I've read that there's a closed formula for this problem.. and it shouldn't be too hard since there're many people solved it during the contest..

So.. any hint about the formula? I've thought about this problem for few days but no results..

For me, it seems that this problem is more difficult than calculating n-th harmonic number and calculating n!, of which to the best of my knowledge, there's no closed formula...

Thanks.

First, you can separate i and j: sum_{i=1..n} sum_{j=1..m} (f(i)*g(j)) = (sum_{i=1..n} f(i)) * (sum_{j=1..m} g(j))

Then try to rewrite 1/(k(k+1)(k+2)(k+3)) as a linear combination of 1/k, 1/(k+1), 1/(k+2), 1/(k+3), and you'll get telescoping sums.

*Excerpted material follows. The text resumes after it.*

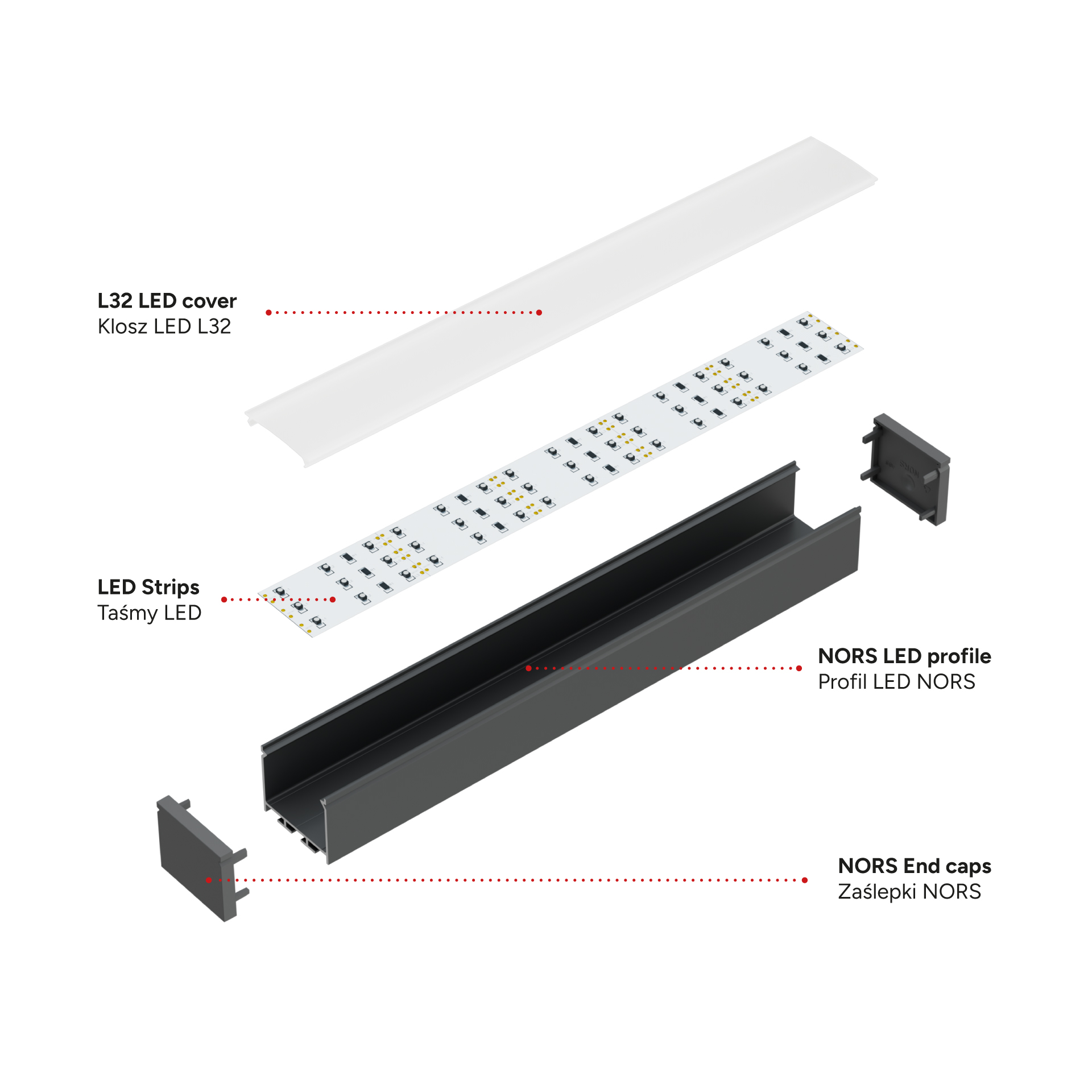 Set contains: 1 x NORS LED profile, 1 x L32 LED cover, 4 x NORS End cap

Well, the formula for 1/(k(k+1)) should've been standard knowledge and this problem is just an extension.
I think it has to be of the following forms:
A + 1/(B(n+1)(n+2)...(n+k)) where k+1 is the number of factors in the denominator of the summand.

The problem here is getting tle for no obvious reason. I had to make weird optimizations to get AC in more than 9.3 secs.

OK, thx, I think I got it

The keyword is telescoping.. hehe.. my math is poor..

sclo wrote: The problem here is getting tle for no obvious reason. I had to make weird optimizations to get AC in more than 9.3 secs.

I am not sure if it is your gcd/division implementation, or maybe the way you are multiplying it. My sum for [1,n] is something like A/(C1*(A+C2)), where A=f(n) and C1,C2 are constants (and A is "nice"). Before I multiply two sums, I reduce the fractions, maybe you don't?

sclo wrote:The problem here is getting tle for no obvious reason. I had to make weird optimizations to get AC in more than 9.3 secs.

By choosing the proper order of calculations, you never have to multiply two bigints or divide one by an other. Instead you only need multiplication of a bigint by a regular int and division by a regular int. This can save lots of time. (This under the assumption that the base of your bigints is >1000000003).